Personal information
- Full name: Jeffrey Raymond Sarau
- Date of birth: 25 January 1954 (age 71)
- Original team(s): East Brighton
- Height: 191 cm (6 ft 3 in)
- Weight: 96 kg (212 lb)

Playing career^{1}
- Years: Club / Games (Goals)
- 1971–1972: Sandringham (VFA) / 032 0(32)
- 1973–1983: St Kilda / 226 (119)
- 1984–1985: West Torrens (SANFL) / 035 00(9)
- 1986–1989: Frankston (VFA) / 67
- ^{1} Playing statistics correct to the end of 1983.

Career highlights
- St Kilda Best and Fairest 1975, 1977; Victorian B side representative; St Kilda Hall of Fame Inductee;

= Jeff Sarau =

Australian rules footballer, born 1954

Jeff Sarau (born 25 January 1954) is a former Australian rules footballer who played for St Kilda in the Victorian Football League and West Torrens Football Club in the South Australian National Football League as a ruckman.

Although at 191 centimetres, Sarau was short for a ruckman, he compensated for this by his aggressive attitude and good leap. Sarau made his debut with Victorian Football Association (VFA) club Sandringham Football Club in 1971 before transferring to St Kilda in 1973.

Sarau played for Victoria twice, won Best and Fairest Awards at St Kilda in 1975 and 1977 and became club vice-captain.
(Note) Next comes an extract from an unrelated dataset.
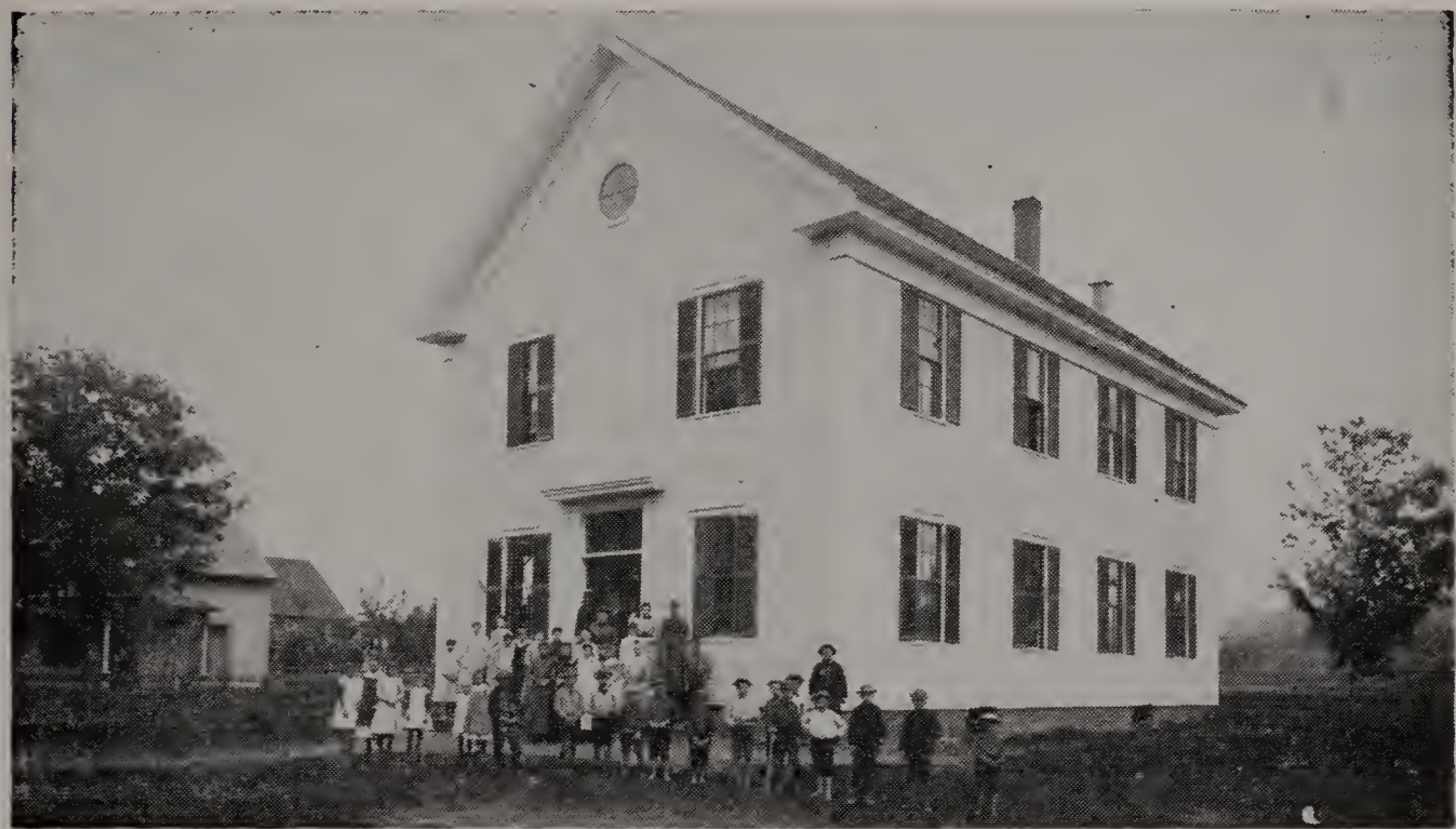
SCHOOLHOUSE BUILT 1878. Miss Nellie Baker, teacher.

The McKinley building, which stood on the back of the lot, was built in 1894 when an increasing population caused a congestion in

After 226 games and 119 goals for St Kilda Sarau moved to West Torrens after being sacked from the vice-captaincy role in 1984. He won the West Torrens Best and Fairest in his first season and played 35 games for the Eagles before returning to Victoria to join VFA club Frankston Football Club in 1986.

Sarau was runner-up in the Liston Trophy in 1986 and was appointed Frankston captain-coach in 1987, a position he held until the end of the 1989. He played 67 games for Frankston, and finished with a win–loss record of 29–24 from his 53 games as coach of the club. He was sacked following the season, in part due to the eight match suspension he received for four striking charges in the 1989 elimination final.